Hep piyasadaki uygulama böyle olduğu için...
- Rüstem beyyy, Rüstem beeeeyyyy. Bize ne piyasada uygulanan yanlışlıklardan?
Biz üzüm müyüz ki, birbirimize baka baka kararacağız?
Hem, "kötü örnek emsal teşkil etmez" sözünü hiç duymadınız mı?
Derhal muhatabımızın parasını çıkarın, telefonla acil bilgi verin, özür dileyin. Ayrıca, benim ismimi açarak, oldukça nezaketli bir özür metni hazırlayın, hemen imzalayayım ve gönderelim.
Biz iş ortaklarımıza, para kazandığımız paydaşlarımıza değer vermezsek eğer, onlardan nasıl değer görmemizi bekleyebiliriz?
- Çok haklısınız efendim. Derhal gereğini yerine getiriyorum. Tekrar çok özür diliyorum. Lütfen affediniz. Hatamı kabul ediyorum.
- Elbette affediyorum. İnsan yıllarca birlikte çalıştığı tecrübeli iş arkadaşını bir hatasında çizerse; hatasız kul olamayacağına göre, hepimiz de günün birinde çiziliriz Allah korusun. Hem, Yaratıcımız her hata yapanı çiziyor mu? Rahman ve Rahim sıfatlarıyla affediyor değil mi?

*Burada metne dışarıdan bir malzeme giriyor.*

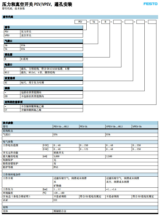 PEV-1/8-B-M12-SC,VPEV-1/4-B-M12-SC,VPEV-1/8-B-M12-SC,festo壓力開關(guān)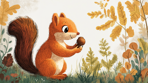Teljes részletek megtekintéseFalfestmény tapéta mókus | Mosolygó mókus, amely egy diót tart egy őszi tájban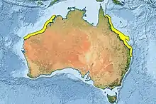 The rainfordia is found in the Indian Ocean off Western Australia from Kendrew Island in the Dampier Archipelago to Kimberley and in eastern Australia from the northern Great Barrier Reef and reefs in the Coral Sea, as far south as Moreton Bay in Queensland.[2] It was thought to be endemic to Australia but in 2019 it was recorded in the Raja Ampat Islands of West Papua in Indonesia.[5]

Biz kimiz ki affetmeyeceğiz?
Bundan sonra her kimle olursa olsun, ailede, işletmede, sokakta, dış çevrede, ticarette, sosyal hayatta kul hakkına çok ama çok dikkat edeceğiz. Ya söz vermeyeceğiz, ya da verdiğimiz sözü her halükarda tutacağız. Mücbir sebep oluştuysa eğer, özürle birlikte zamanında muhatabımıza haber vereceğiz.
- Emredersiniz efendim. Söylediklerinizi harfiyyen uygulayacağım.
Beni affettiğiniz için de tekrardan çok teşekkür ederim.
Allah sizlerden razı olsun efendim.
Selam, sevgi ve dualarımla.
Yüceler Yücesine emanet olalım.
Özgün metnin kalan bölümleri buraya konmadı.